I am reminded of (though in no way compare myself to) Seamus Heaney’s poem Field of Vision* as I sit looking out on the view from my office desk or from the sitting room. For almost six months I have watched the seasons change, the parched sun-baked golden brown of summer giving way to the bright rain-fed greens of winter and spring. I’ve watched the sky, the bright blue empty sky, and the immense clouds sometimes bringing torrential showers of rain. These mornings I look down on fog, an inversion over the river, like steam rising from a witch’s cauldron.

The changing life of the village is harder to observe from this remove. Like those subtler changes in the landscape, one has to be in the village, rather than observing it from afar, to understand and appreciate its changing moods. I cherish those rare occasions these days, when I get out, when I feel sociable enough to be a part of village life again for an hour or two.

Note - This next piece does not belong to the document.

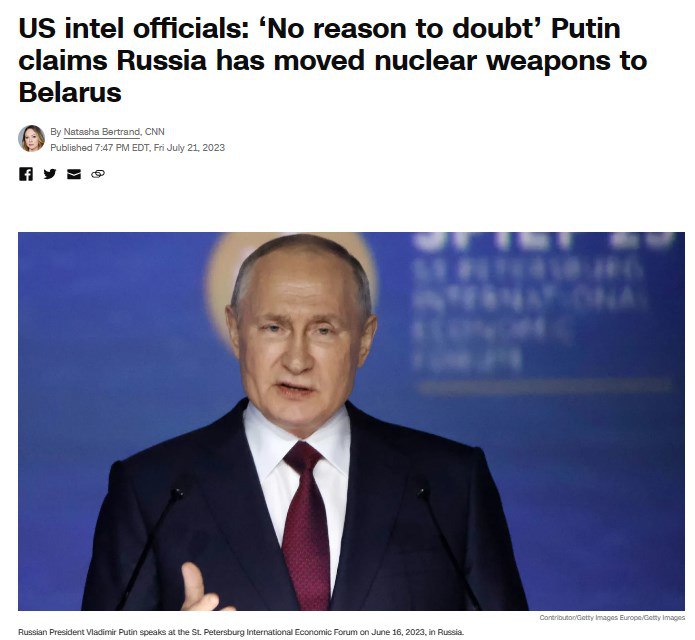 Американская разведка подтверждает, что российское тактическое ядерное оружие уже размещено в Беларуси.

I long for a time when I can once again take a carefree stroll down to the bar and have a coffee or beer with whoever happens to be around, chat with my neighbours when we pass on the street, be spontaneous in my socializing. And I long to get beyond the village, to take long walks in the hills again, to be nose-to-nose with wild flowers, to row across the river in my little red dinghy and walk the smuggler’s trail in Portugal.

I am optimistic that all those things will come my way again. I expect I’ll appreciate them all the more for the months I have spent merely observing life through the frame of my front window.

*Field of Vision
Seamus Heaney

I remember this woman who sat for years
In a wheelchair, looking straight ahead
Out the window at sycamore trees unleafing
And leafing at the far end of the lane.

Straight out past the TV in the corner,
The stunted, agitated hawthorn bush,
The same small calves with their backs to wind and rain,
The same acre of ragwort, the same mountain.

She was steadfast as the big window itself.
Her brow was clear as the chrome bits of the chair.
She never lamented once and she never
Carried a spare ounce of emotional weight.

Face to face with her was an education
Of the sort you got across a well-braced gate —
One of those lean, clean, iron, roadside ones
Between two whitewashed pillars, where you could see

Deeper into the country than you expected
And discovered that the field behind the hedge
Grew more distinctly strange as you kept standing
Focused and drawn in by what barred the way.